El corazón humano, como decía Calvino, es una fábrica de ídolos. Pero no necesitamos se esclavizados.
Mientras Moisés descendía del Monte Sinaí, con las tablas de los Diez Mandamientos, se quedó horrorizado al ver la desenfrenada orgía que sucedía abajo. Puede pintar el cuadro: jovencitas danzaban licenciosamente como si estuvieran bajo el efecto de drogas; se lanzaban coronas de flores sobre el ídolo; los hombres comían, bebían y caminaban frenéticamente alrededor de él. Todos aclamaban al becerro de oro, como si fuese el dios que los hubiese conducido hasta allí, después de liberarlos de la esclavitud egipcia.
Si el episodio hubiera sucedido en el siglo XXI, tal vez la multitud habría rodeado el becerro en lujosos automóviles convertibles adornados. Las personas habrían abierto botellas de champán y whisky, o exhibido sus cuerpos semidesnudos sin ninguna privacidad. En otras palabras, cuando visualizo la idolatría, veo personas que son iguales que yo ocupadas en hacer cosas prohibidas, que no me tientan.
Lo que generalmente olvido, al recordar las escenas del Sinaí y hacer mi transferencia de ellas al mundo contemporáneo, es a Aarón, el hermano y representante de Moisés. No hay dudas de que Aarón es el personaje principal de esta historia; pero es verdad, también, que me gustaría recordar la escena de la orgía por causa de la fiesta con el animal, y no por el líder religioso que la hizo posible.

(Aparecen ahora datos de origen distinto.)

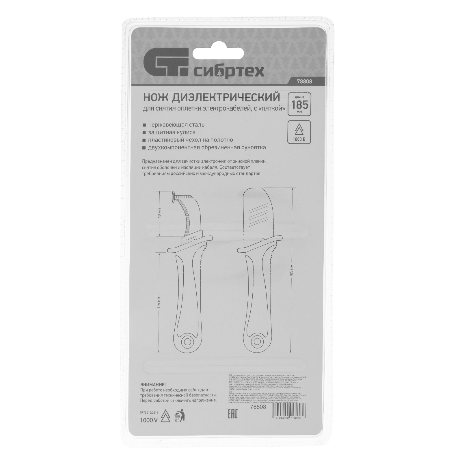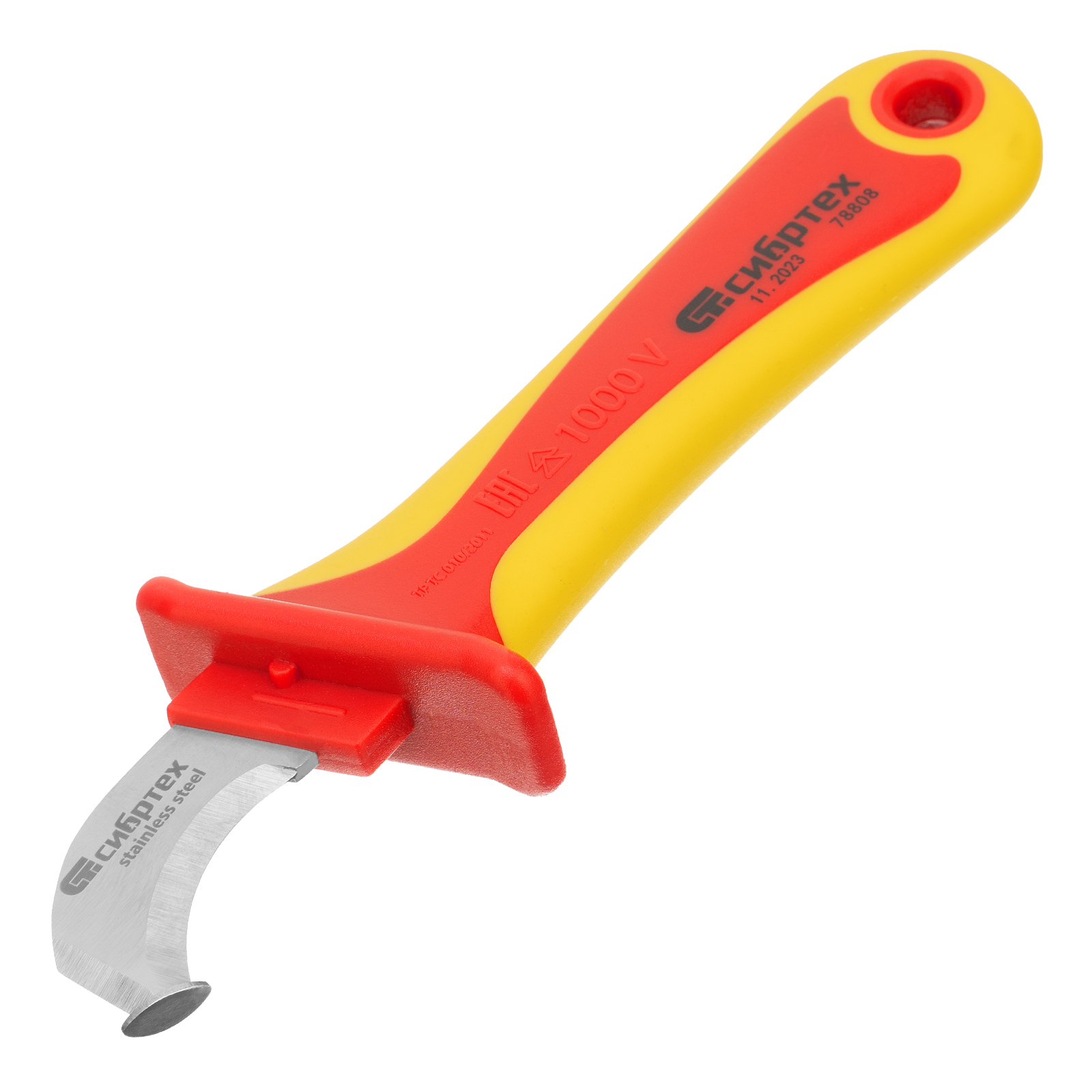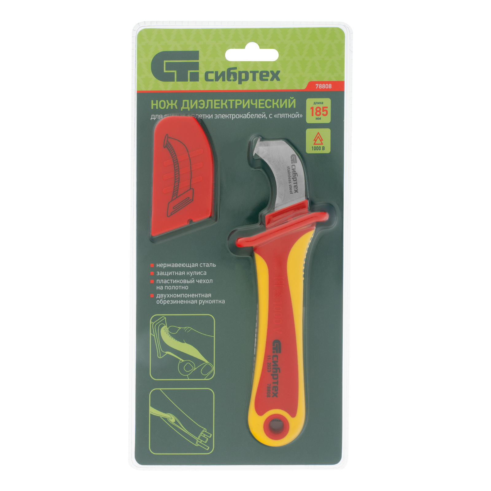 - Высокое качество — нож полностью безопасен и соответствует нормам ГОСТ при проведении работ с электрикой под напряжением до 1000 В.

Si me centro lo suficiente directamente en Aarón como líder, no puedo dejar de centrarme también en mí misma, a la luz de la idolatría. Para los líderes modernos, la idolatría continúa siendo lo mismo que siempre fue, desde los días de Aarón y de los recién liberados israelitas.
Llamado al ministerio
Considerando la historia de Aarón, podemos trazar similitudes entre nuestro llamado y el de él, y entre su capitulación y la nuestra ante la idolatría. A pesar de todo, justamente porque el Altísimo no abandonó a Aarón, estoy confiada en que actúa de la misma manera con nosotros.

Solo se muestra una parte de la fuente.